▶
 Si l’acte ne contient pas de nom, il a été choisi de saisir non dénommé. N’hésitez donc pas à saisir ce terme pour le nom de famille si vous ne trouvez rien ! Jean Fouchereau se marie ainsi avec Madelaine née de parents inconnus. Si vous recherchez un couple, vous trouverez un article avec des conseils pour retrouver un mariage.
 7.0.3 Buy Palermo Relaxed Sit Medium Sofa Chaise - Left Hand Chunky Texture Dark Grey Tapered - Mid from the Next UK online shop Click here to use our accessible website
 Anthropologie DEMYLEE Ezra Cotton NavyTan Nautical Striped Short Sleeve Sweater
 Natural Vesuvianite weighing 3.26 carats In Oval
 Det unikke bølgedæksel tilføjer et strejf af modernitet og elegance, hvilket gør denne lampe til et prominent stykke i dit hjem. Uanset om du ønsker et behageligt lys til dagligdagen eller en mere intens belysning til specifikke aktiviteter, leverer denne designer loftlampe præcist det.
◀
▶
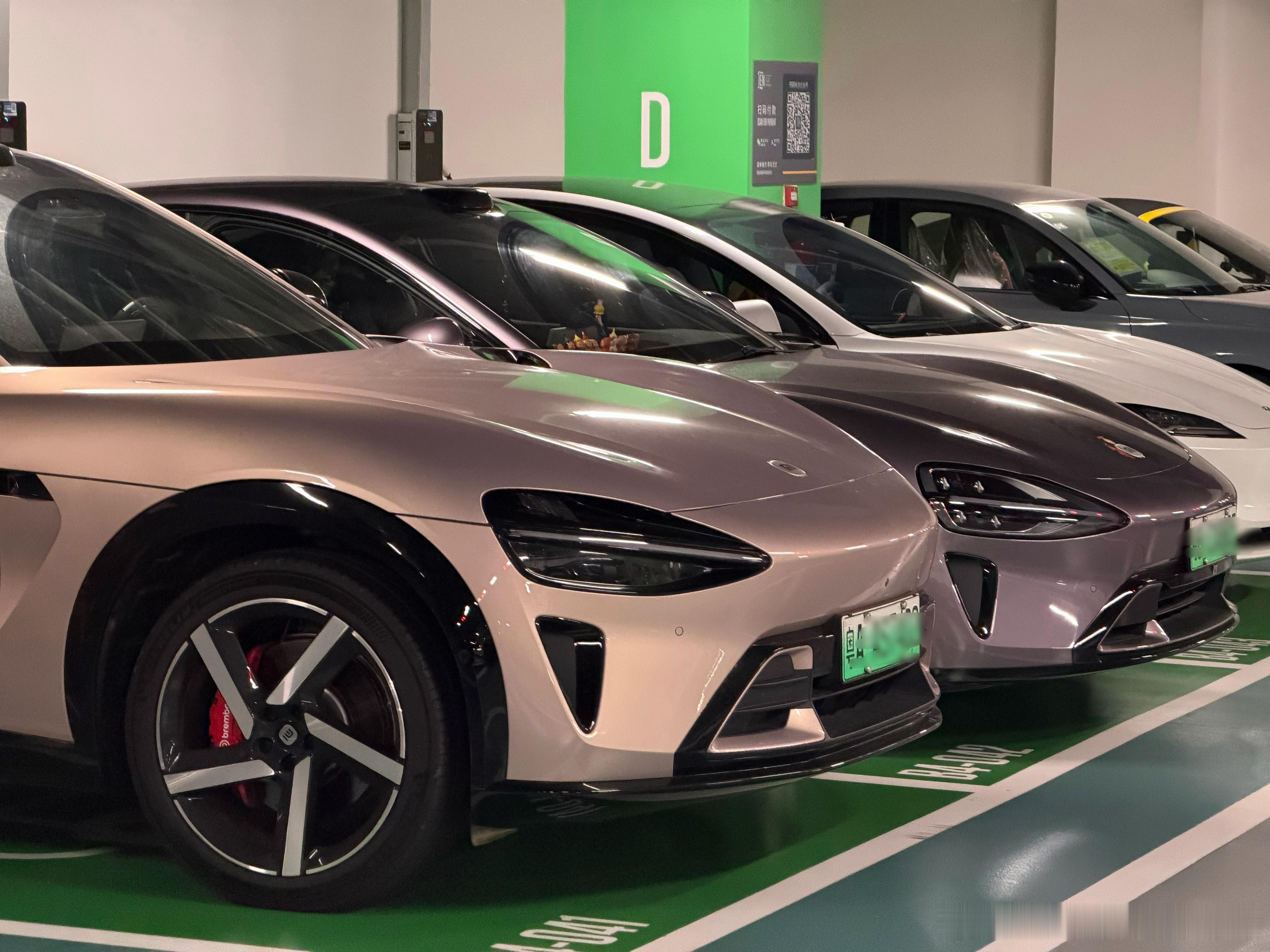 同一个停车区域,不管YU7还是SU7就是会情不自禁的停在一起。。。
◀
▶
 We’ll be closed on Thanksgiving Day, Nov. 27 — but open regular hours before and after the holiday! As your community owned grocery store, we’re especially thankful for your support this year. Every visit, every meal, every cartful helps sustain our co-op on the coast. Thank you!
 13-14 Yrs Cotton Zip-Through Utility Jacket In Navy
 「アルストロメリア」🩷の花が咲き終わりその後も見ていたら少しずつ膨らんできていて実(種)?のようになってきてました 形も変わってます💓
◀
- EXERCISE DETAILS -
Copy the entries above exactly, but only from the line holding "Si l’acte ne" through the line holding "Natural Vesuvianite weighing", both included.

- OUTPUT BELOW -
 Si l’acte ne contient pas de nom, il a été choisi de saisir non dénommé. N’hésitez donc pas à saisir ce terme pour le nom de famille si vous ne trouvez rien ! Jean Fouchereau se marie ainsi avec Madelaine née de parents inconnus. Si vous recherchez un couple, vous trouverez un article avec des conseils pour retrouver un mariage.
 7.0.3 Buy Palermo Relaxed Sit Medium Sofa Chaise - Left Hand Chunky Texture Dark Grey Tapered - Mid from the Next UK online shop Click here to use our accessible website
 Anthropologie DEMYLEE Ezra Cotton NavyTan Nautical Striped Short Sleeve Sweater
 Natural Vesuvianite weighing 3.26 carats In Oval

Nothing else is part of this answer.